In this 2000 novel, Eddie Bondo and Deanna Wolfe share a love of nature, and they begin their interlude as lovers before he even knows her name. Deanna is a Forest Service employee serving as a resident biologist-ranger overseeing a section of the Zebulon National Forest. She has a deep knowledge of the people and ecology of Zebulon Valley and a stake in the wildlife balance, which she suspects that Eddie will threaten.
Then readers meet Lusa, Cole Widener’s “over-educated” wife whom he brought back to his family’s farm from Lexington, Kentucky. Lusa and Cole fight about her unwillingness to mix with local people, and Cole feels the sting of her idea that the world they inhabit is stultifying. Her Arabic background and her love of moths and insects set Lusa apart from the family. Cole defends his people and the ways of farmers, as well as his closed-minded family, when Lusa tries to tell him her problems. Cole’s accident while driving a grain truck for Southern States changes Lusa’s life forever and adds another point of conflict with the family, since she inherits the farm.

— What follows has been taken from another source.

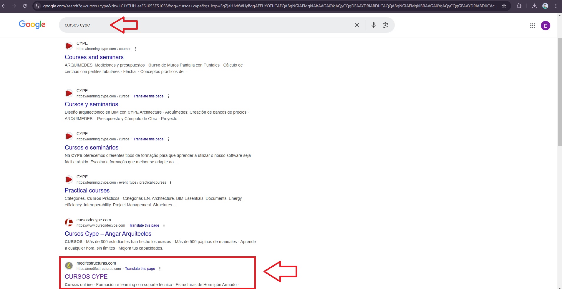 Otro aspecto clave del éxito de Medifestructuras es su posicionamiento en Google. Al buscar "cursos CYPE", el sitio aparece entre los primeros resultados, superando incluso a otras plataformas de capacitación. Este logro no es casualidad; responde a una estrategia bien ejecutada de optimización de contenido, palabras clave relevantes y una estructura web pensada para el SEO.

The third pair of antagonists, Garnett Walker and Nannie Land Rawley, tussles over whether to spray weeds along Highway 6. She is afraid that the toxins will drift onto her organic apples, and he wants the spraying done to protect his chestnut seedlings.
Kingsolver considers this her most difficult novel, as the issues being considered are more important in the book than the characters themselves. She has said that it has no main character and encourages readers to look beyond the tensions of the human interaction. Over the course of the novel, the five chief characters remaining after Cole’s death explore their sexuality in relationships, through memory, and by reputation. Their relationships prompt talk based on ideas like those found in T. R. Paine’s work on keystone predators. The effect of removing even one such predator from an environment is profound, upsetting the fragile ecological balance beyond repair. All the human tensions in the novel relate in some way to balance and the sensible use of the land, as well as respect for all living things. The novel reminds readers that their interdependence with nature is inescapable.